Posted - 11/03/2017 :  5:09:09 PM  Show Profile  Visit Nelson458's Homepage  Reply with Quote
quote:
Originally posted by ed k

Tony, we are speaking the same language. Different wordage. The full name is pastel chalk sticks. I am used to Brett (SWMW) calling them chalks. The differences in color of the raw umber is as you said, light tan to near black. I used a cabbage shredder to make the powder and put then in little bead containers. Each container has 7 small storage units. Nice way to keep them. One stick makes quite a bit of powder. I can be more specific as to who makes the containers, if anyone has interest.
ed



Ed, I too have a plastic container to store my pastels, see page 4 of this thread. I usually only scrape what I need with a razor blade, as sometimes I just paint (so to speak) with the pastel, and use alcohol to blend in the pastel colors.

I don't know why Brett calls them chalks, as these are not really chalks. It's a different type of stick. We aren't trying to belittle you, and please don't be offended, it's ok if someone calls them chalks, however, I believe if your starting out in the hobby, that can be very misleading or confusing, as the correct name is pastels (for our purposes). I don't believe chalks, for Brett's and our models, will work the same, but not having tried them, I can't really say. I don't have any chalks except one packet I bought in a 5 and dime store, and they are used in sidewalk paintings. I bought these to see if I can color plaster before or after it is mixed and dried.

But, technically, chalk is not pastel. Chalk is made of limestone or gypsum and compressed into powdered sticks.
Soft pastels are made from pure mineral pigments. The same pigments are used in oil paint, acrylics, and water color. The difference is in the type of binder used. I am not sure what the binder is in the chalk pastels. Rembrandt doesn't make chalk pastels. neither does Sennelier, which I also use. They have a little more variety of colors than Rembrandt, and work the same way.

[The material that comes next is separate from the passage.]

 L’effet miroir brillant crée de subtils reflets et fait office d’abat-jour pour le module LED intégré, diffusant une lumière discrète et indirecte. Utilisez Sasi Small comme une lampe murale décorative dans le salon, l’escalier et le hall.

But, if I were new to this hobby, and was looking for chalk sticks, or chalk pastels, I might feel frustrated, as what I should be looking for is the soft pastel. And for that reason, I prefer to use the correct name for the product we are using.

I find the same confusion when I had bought Sculpy, there are other brands, and Sculpy is a brand name, not a material name, so I have been confused as to whether or not the others are the same. Still don't know, for sure, but I assume they are the same.

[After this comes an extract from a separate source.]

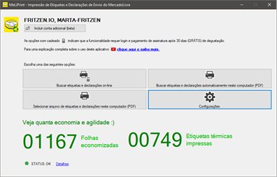 The purpose of this software is to save paper by reducing the number of sheets that are printed, in addition to speeding up the job of printing labels and shipping declarations from MercadoLivre. It has thermal printer support.

This has been an interesting discussion, despite the confusion, as I truly didn't know chalk pastels even existed, I thought that some just used that term because they looked like chalk. But I think we can all put this one to rest. I'll still use Pastel as that is what they actually are, but that is just me, I have a thing about correctness.


Tony Burgess
Exploring the unknown requires tolerating uncertainty.~ Brian Greene

Country: USA | Posts: 2813 Go to Top of Page

ed k
Fireman

Posted - 11/03/2017 :  6:33:02 PM  Show Profile  Reply with Quote
Hello Tony. Very well written. Having owned 98% of Brett's kits (sold all HO) and in reading all the Construction Manual's I saw the word hundreds off times. Also in his Video and forum threads. So I have always used it. As I now find out, incorrectly. Well wait till I speak with Brett. I try my best to be accurate (often failing), as I realize the importance.
I know Brett feels the Rembrandt are the purest (hope that is the correct word).
This has gathered as much attention as nail heads in HO. Well almost.
Tony, Please do me a favor. Correct me whenever need. This may be a part time job, but I feel you are up to the task. If you don't, my dear friend Carl Laskey will.
Thank you
ed



Country: USA | Posts: 1091 Go to Top of Page

Nelson458
Fireman



Posted - 11/03/2017 :  8:37:04 PM  Show Profile  Visit Nelson458's Homepage  Reply with Quote
quote:
Originally posted by ed k

Hello Tony. Very well written. Having owned 98% of Brett's kits (sold all HO) and in reading all the Construction Manual's I saw the word hundreds off times. Also in his Video and forum threads. So I have always used it. As I now find out, incorrectly. Well wait till I speak with Brett. I try my best to be accurate (often failing), as I realize the importance.
I know Brett feels the Rembrandt are the purest (hope that is the correct word).
This has gathered as much attention as nail heads in HO. Well almost.
Tony, Please do me a favor. Correct me whenever need. This may be a part time job, but I feel you are up to the task. If you don't, my dear friend Carl Laskey will.
Thank you
ed


Your quite the humorist, I see. Thank you for saying what you did. I also think Rembrandt's are the purist, with Sennelier a very close second, but I am sure many will disagree with that. Everyone has their own favorites and opinions.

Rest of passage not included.